Comparison of vanilla pipeline vs. regrading module on the test set (Higher agreement is better; LLM/Human columns show regrading ratio):

Workflow	Visual Recognizer	Binary	Type	Point	LLM regrade	Human regrade
Vanilla	Gemini-2.5-Pro	85.02	74.91	69.91	–	–
Vanilla	GPT-5.1	82.34	72.23	66.87	–	–
+ Regrading	Gemini-2.5-Pro	86.48	77.34	74.42	20.6%	3.3%
+ Regrading	GPT-5.1	86.60	78.93	75.76	25.1%	4.4%

Key points: With ≤ 5% human backup, Point agreement improved from ~70% to 76%, reaching the ceiling of the "expert-recognition" oracle (74.46%).

Key Findings¶

Symbolic & Character errors are most frequent and have the highest EIR (≈20%), as graders rely heavily on symbol matching.

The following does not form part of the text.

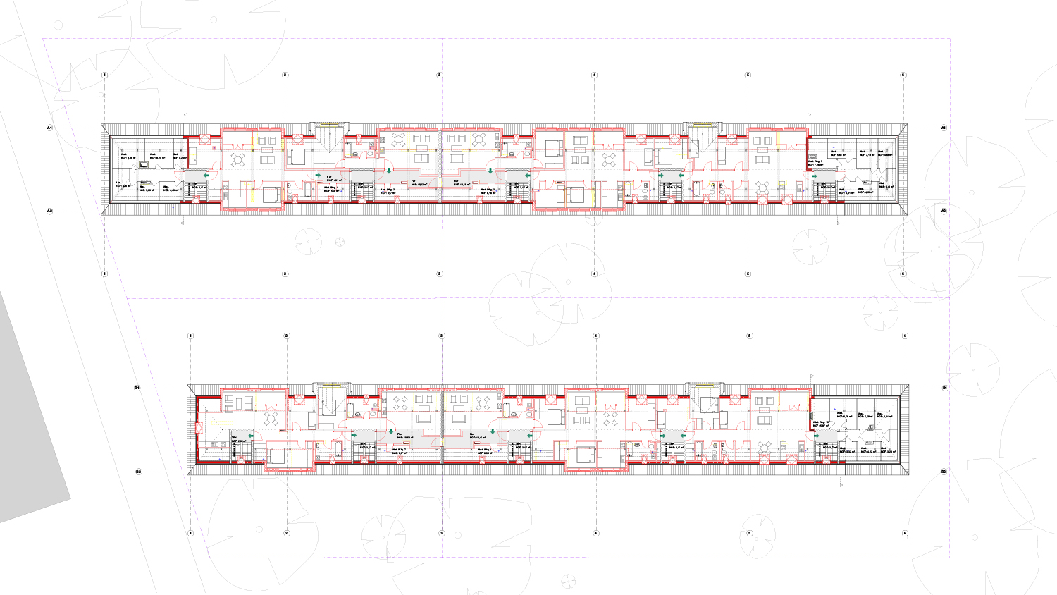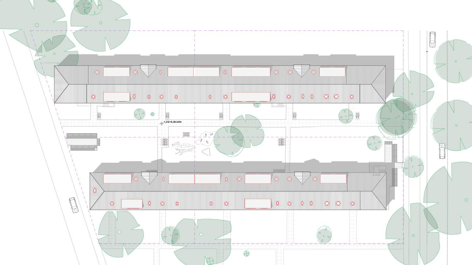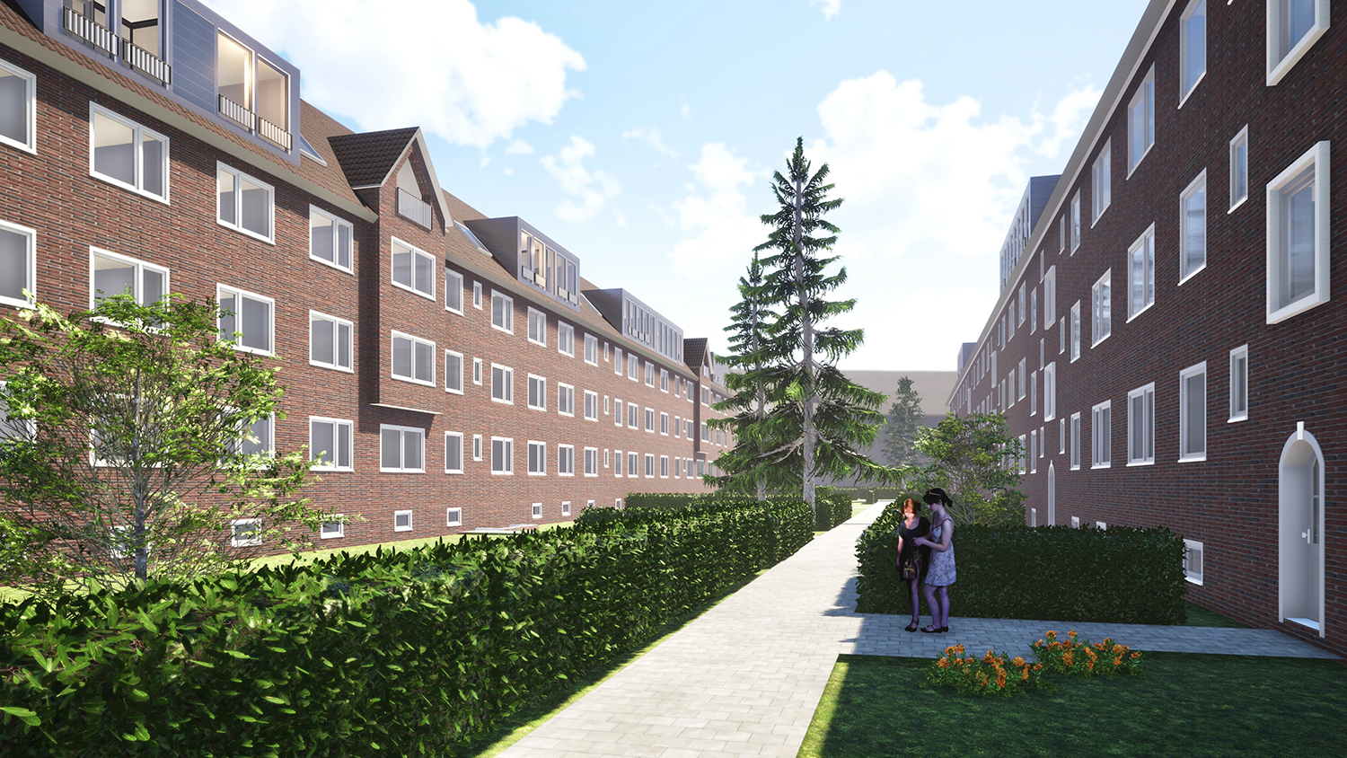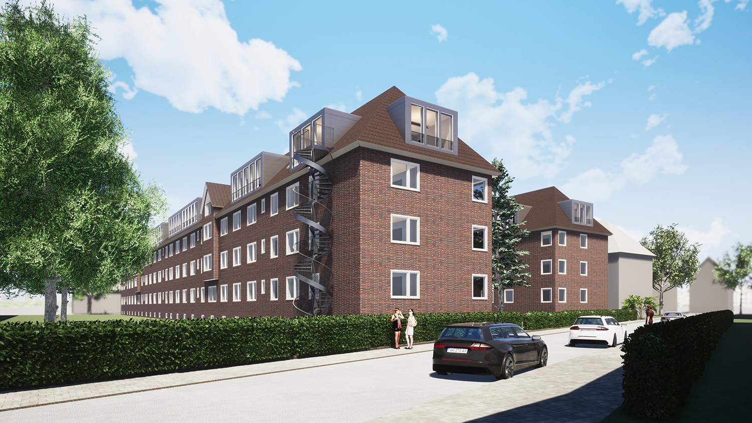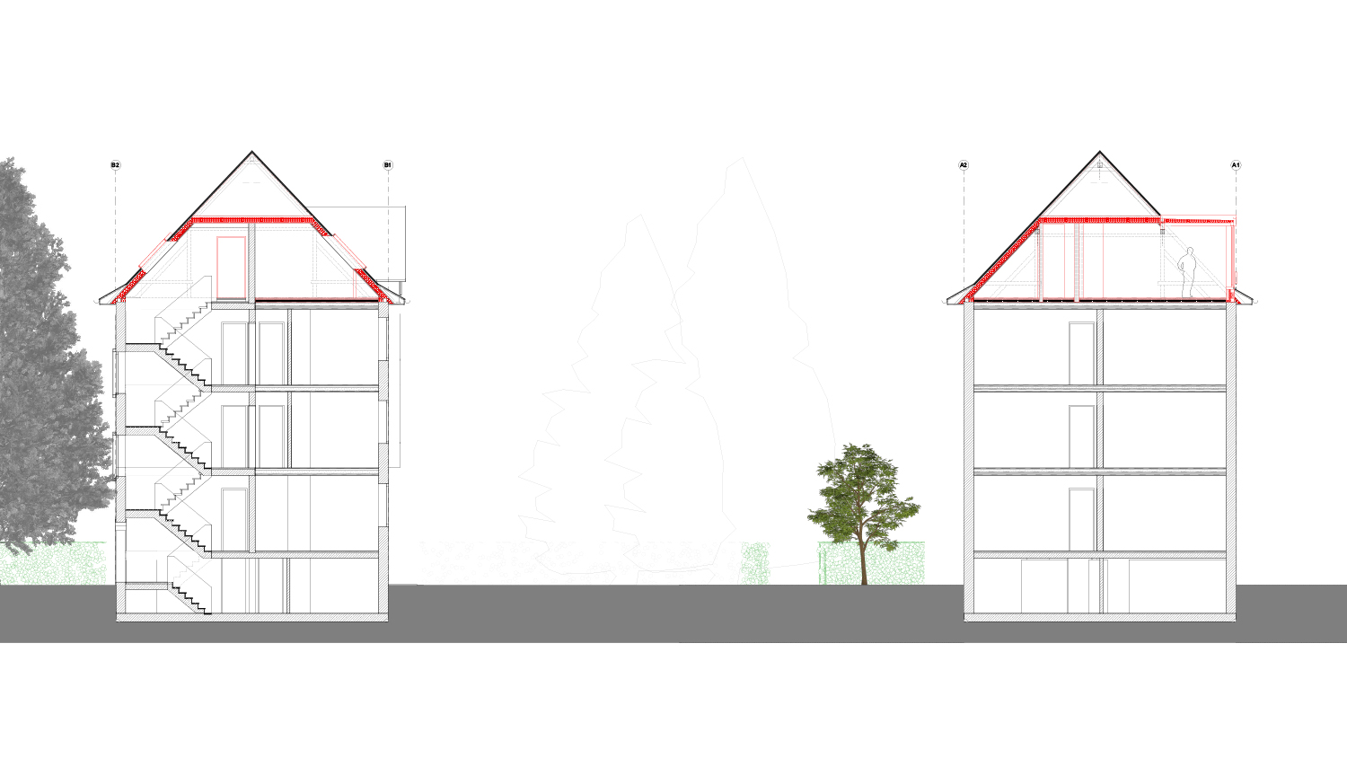 Der Entwurf verfolgt das Ziel, den historischen Gebäudebestand mit möglichst geringen Eingriffen zu erweitern. Die vorhandene Klinkerarchitektur bleibt in ihrer äußeren Wirkung erhalten. Sichtbar wird der Dachausbau vor allem durch neu eingefügte Gauben, die den Wohnungen großzügige Belichtungsflächen und nutzbare Raumhöhen eröffnen. Ergänzt werden diese durch stählernde Fluchttreppen an den Stirnseiten, die in die Gesamtgestaltung zurückhaltend eingebunden sind.

Diagrammatic and Textual & Logical errors, despite being higher-level, have EIR < 10% because current rubrics barely cover them—a "survivor bias" in auto-grading.
Finer rubrics better differentiate models: The performance gap between models widens from ~13% to ~17% across Binary, Type, and Point levels, indicating that future AI education evaluations must use point-level rubrics for diagnostic value.
Small models are competitive in diagrams: Qwen3-VL-8B-Thinking performed better than Gemini-2.5-Pro in the Diagrammatic error count (98 vs. 103), suggesting commercial models excel in textual reasoning rather than graphical understanding.
Regrading works without the strongest MLLMs: Even using Gemini-2.5-Pro as the recognizer, the detector + 3.3% human effort improved Point agreement by +4.5%, proving high ROI for "error patterns + human-AI collaboration."

Highlights & Insights¶

Dual-layer evaluation in high-stakes scenarios: Unlike previous OCR-focused benchmarks, this work positions recognition fidelity as the bottleneck for reliability and quantifies silent errors via EIR. This "decouple then bridge" philosophy is applicable to any perception-to-reasoning pipeline.
Observation/Test split data design: Balances cost and information density by performing deep diagnostics on 40% of the data (expert verbatim check) and measuring deployment effects on the remaining 60%.
LLM-as-a-Judge "discrepancy listing" mode: Defining the task as listing and classifying differences rather than scoring restricts the LLM's freedom and stabilizes F1 scores above 0.9.
3-stage deployment framework: Converts recognition reliability issues into a controllable human effort ratio, providing a blueprint for the practical deployment of AI grading.

Limitations & Future Work¶

The dataset is limited to one course (Circuit Analysis) and circuit diagrams; geometry, chemistry, and flowcharts are not covered.
Downstream tasks are limited to auto-grading; tasks like VQA or circuit-to-netlist might have different sensitivities to recognition errors.
Rubrics and ground-truth are provided by a small number of experts; open-ended STEM grading is inherently subjective.
The detector, regrader, and grader use the same model (GPT-5.1), potentially introducing bias; future work should validate using heterogeneous models.

vs DrawEduMath (Baral 2025): They focus on K-12 math VQA; this work addresses university-level STEM with much higher complexity and point-level rubrics.
vs CROHME / MathWriting: These evaluate isolated formula OCR; this work evaluates intertwined "formula + derivation + diagram" text.
vs Pensieve Grader (Yang 2025): They perform end-to-end grading; this work additionally evaluates the recognition layer and provides EIR to explain error sources.
Insight: Any "visual perception → high-level reasoning" task can adopt this SER/AEC/EIR + observation/test split + discrepancy listing approach, particularly in high-stakes fields like medical imaging or legal OCR.

Rating¶

Novelty: ⭐⭐⭐⭐ The combination of dual-layer evaluation, EIR, and error pattern routing is effective for addressing practical pain points.
Experimental Thoroughness: ⭐⭐⭐⭐⭐ Coverage of 6 MLLMs, 4 error types, 3 rubric levels, and real deployment case studies.
Writing Quality: ⭐⭐⭐⭐ Clear progression from argument to evidence to solution; some sections are slightly verbose.
Value: ⭐⭐⭐⭐⭐ Directly addresses the reliability pain point of AI grading in education with a deployable engineering solution.